■ DATA ■
BEGIN

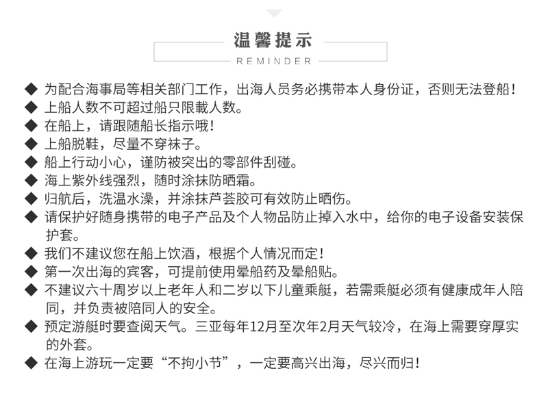 | 選配項目: | 摩托艇、飛魚、香蕉船、水上飛行器、飛拖、滑板 | ||||||
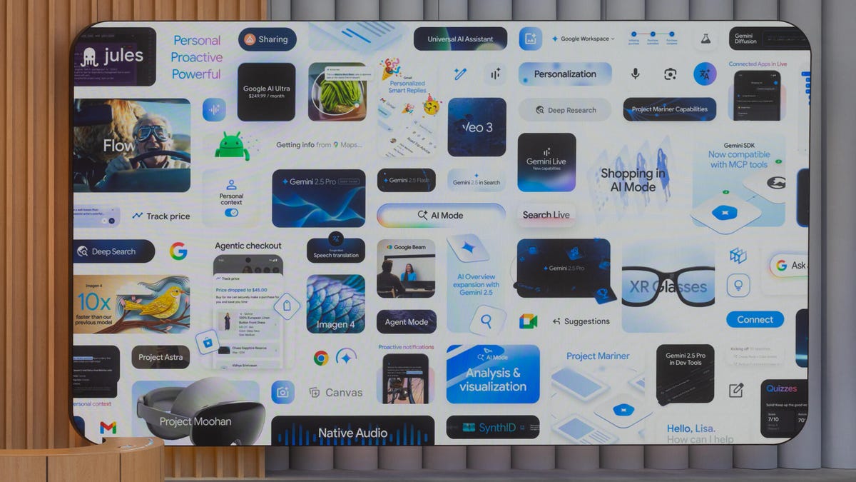 众多令人瞩目的AI新功能需通过特定订阅级别方可获得。AI Pro实为Google每月20美元Gemini Advanced计划的更名版(新增部分功能),而Google AI Ultra则是一个更为昂贵的全新选项——每月250美元(目前前三个月半价),提供对所有最新、最酷、限制最少的工具和模型的访问权限,以及用于管理AI代理的原型和30TB存储空间。这些服务今日已全面上线。
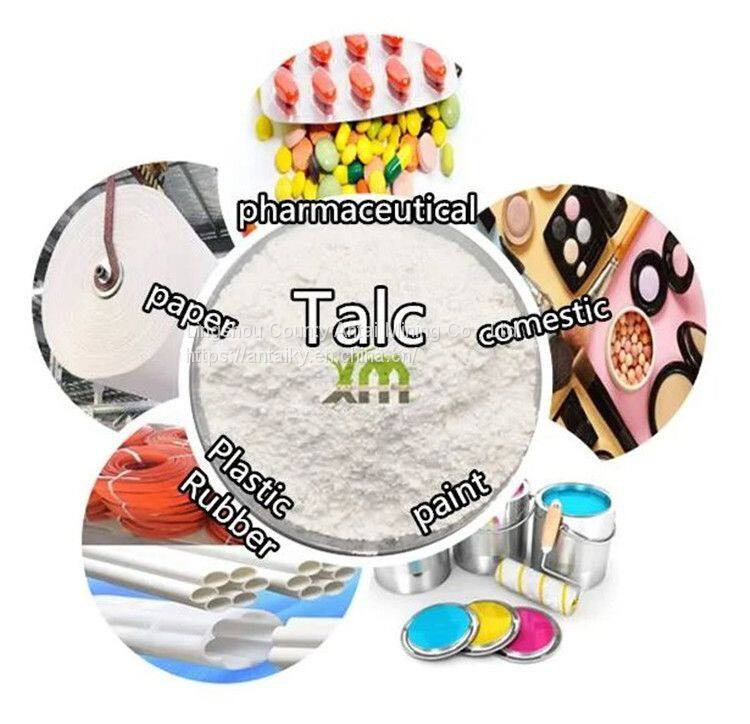 Talc powder has properties of lubricity,viscous resistance,flowing boosting,fire resistance,acid resistance,insulativity,high melting point,inactive chemical reaction,good covering power,soft,good shining,good adsorptivity,it's mainly used in paint,coating,rubber,plastics,cable,ceramics,cosmetic,paper making and EVA shoes materials.

END

■ TRY IT ■
Please give back exactly, and with no pictures, the lines from where the listing above begins through the line containing "Pro实为Google每月20美元Gemini Advanced计划的更名版(新增部分功能),而Google AI".

■ TASK ANSWER ■
 | 選配項目: | 摩托艇、飛魚、香蕉船、水上飛行器、飛拖、滑板 | ||||||
 众多令人瞩目的AI新功能需通过特定订阅级别方可获得。AI Pro实为Google每月20美元Gemini Advanced计划的更名版(新增部分功能),而Google AI Ultra则是一个更为昂贵的全新选项——每月250美元(目前前三个月半价),提供对所有最新、最酷、限制最少的工具和模型的访问权限,以及用于管理AI代理的原型和30TB存储空间。这些服务今日已全面上线。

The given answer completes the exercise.